Automatic Cell Count using Z-stack .oib image file

Hey guys,
I am pretty new to cellprofiler. I have been trying to create a pipeline for automatic cell counts. We use a confocal microscope to take z-stack (3d) images that are saved in an .oib file. Currently we are using three channels (DAPI, Alexa488, Alexa594) so I am trying to separate the individual channels from that one big .oib file and then use “MakeProjection” to create a flattened image of the z-stack per channel.
Then I used the “EnhanceOrSurpress” on the DAPI images so far and they came out pretty good.
The problem I am encountering is when I try to use “IdentifyPrimaryObject” for some reason I cannot get the advanced settings tweaked to pick up anything from my image. Whenever I change it to not use advanced settings it picks up some particles but I would like to use the advanced settings to pick up all of my cells.
Thank you very much for all your help!
Here is my .oib picture that I am trying to work on:

CellCount_Test_pipeline.cpproj (1.0 MB)

Hi @Sunnyschlecht,

From a quick look, it appears that your lower bounds for your thresholds may be set too high and so it’s excluding all staining.

It’s also worth mentioning that with CellProfiler it’s generally best to make the projections in a separate pipeline, since the image won’t be ready for analysis until all images have been processed. Per the help dialog for the MakeProjection module:

Keep in mind that the projection image is not immediately available in subsequent modules because the output of this module is not complete until all image processing cycles have completed. Therefore, the projection should be created with a separate pipeline from your analysis pipeline.

Generally, we’d approach this by running the MakeProjection module and then SaveImages to write that projection into a file. Those projected images can then be used in an analysis pipeline.

As you have a lot of slices with minimal data, you may also want to use maximum intensity for your projections rather than average. This may allow you to detect cells without needing an Enhance step.

Hope that helps

1 Like

Hello @DStirling

Thank you very much for your help. That really makes a lot of sense. What would you recommend then? Should I process the individual channels with “MakeProjections”, save them and put them into a new pipeline to analyze the z-stack?
What would you recommend for the lower bounds to be? Should i measure the length of my average cell diameter?
Thank you for all your help. I will try to make a separate analysis pipeline now!

Yup, the easiest solution would be to adapt your current pipeline (which has names and groups set up) to make projections for each channel and then save each projection for use in a new pipeline.

What would you recommend for the lower bounds to be? Should i measure the length of my average cell diameter?

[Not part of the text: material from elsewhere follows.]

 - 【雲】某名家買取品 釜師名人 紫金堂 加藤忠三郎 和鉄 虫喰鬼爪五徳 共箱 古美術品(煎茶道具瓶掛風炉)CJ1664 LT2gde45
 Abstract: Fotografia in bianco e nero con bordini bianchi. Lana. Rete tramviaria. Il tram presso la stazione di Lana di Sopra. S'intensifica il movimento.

Threshold bounds should be determined by looking at the intensity of the image itself. Without the projection on hand it’s hard to guess, but if you open such an image in a window in CellProfiler you can hover over a pixel to get it’s intensity value. Threshold boundaries are most useful in situations where some of your images may be blank, as this will then prevent automatic thresholding from trying to find something to detect and pulling out nothing but noise. Generally I’d place the minimum just above the normal range of background intensity that you don’t want to detect.

Measuring cell length is useful for setting the object size filters, and there’s a measurement tool for doing so in the tools menu of image preview windows.

Thank you very much for your fast reply again. I managed to create separate pipelines. One that just does MakeProjections and saves the images as a tiff.
I changed the analysis pipeline to fit the three channels for the image and it seems to be working better at least for DAPI.
I am still having a little bit of trouble trying to make cellprofiler distinguish between clumps of cells that are very close to each other. I can see in the outline of the IdentifyPrimaryObjects, that it separates the cells very good, however in the actual counting window (where it shows colored circular dots for each cell) it doesn’t distinguish it very well. Any idea how I can fix that?
Also, when I am adding my second channel (Alexa488, since 594 has no cells in this picture) cellprofiler has a hard time distinguishing what cells are since some of the cells look more like speckles and are not brightly labeled. I can see the outlines of my cells in purple, which means that cellprofiler is excluding them, but i cannot get to tweak my settings right for it to pick up all the cells. I got it to the point where my cells show the purple outline but everything else that I am trying just makes the borders of my cells worse.
Thank you so much for your help!
Greatly appreciated!

CellCount_Test_pipeline_NEW.cpproj (808.7 KB)

It’s not entirely clear to me what the problem in the screenshot is. There appears to be a lot of noise on the image and only a few cells. I’m not sure how large a cell is here, but you may want to tweak the declumping settings further, particularly disabling the “remove holes” option before attempting to declump.

Regarding the outlines, those cells highlighted in blue/purple are being discarded for being outside the size filter you’ve set in ‘expected diameter’. You can disable that exclusion in the module settings or refine the limits/threshold to get them to be a more appropriate size.

When working with multiple stains it’s generally best to identify the objects with one wavelength, then use that segmentation to measure staining in other wavelengths. Do you absolutely need to detect them in both wavelengths separately?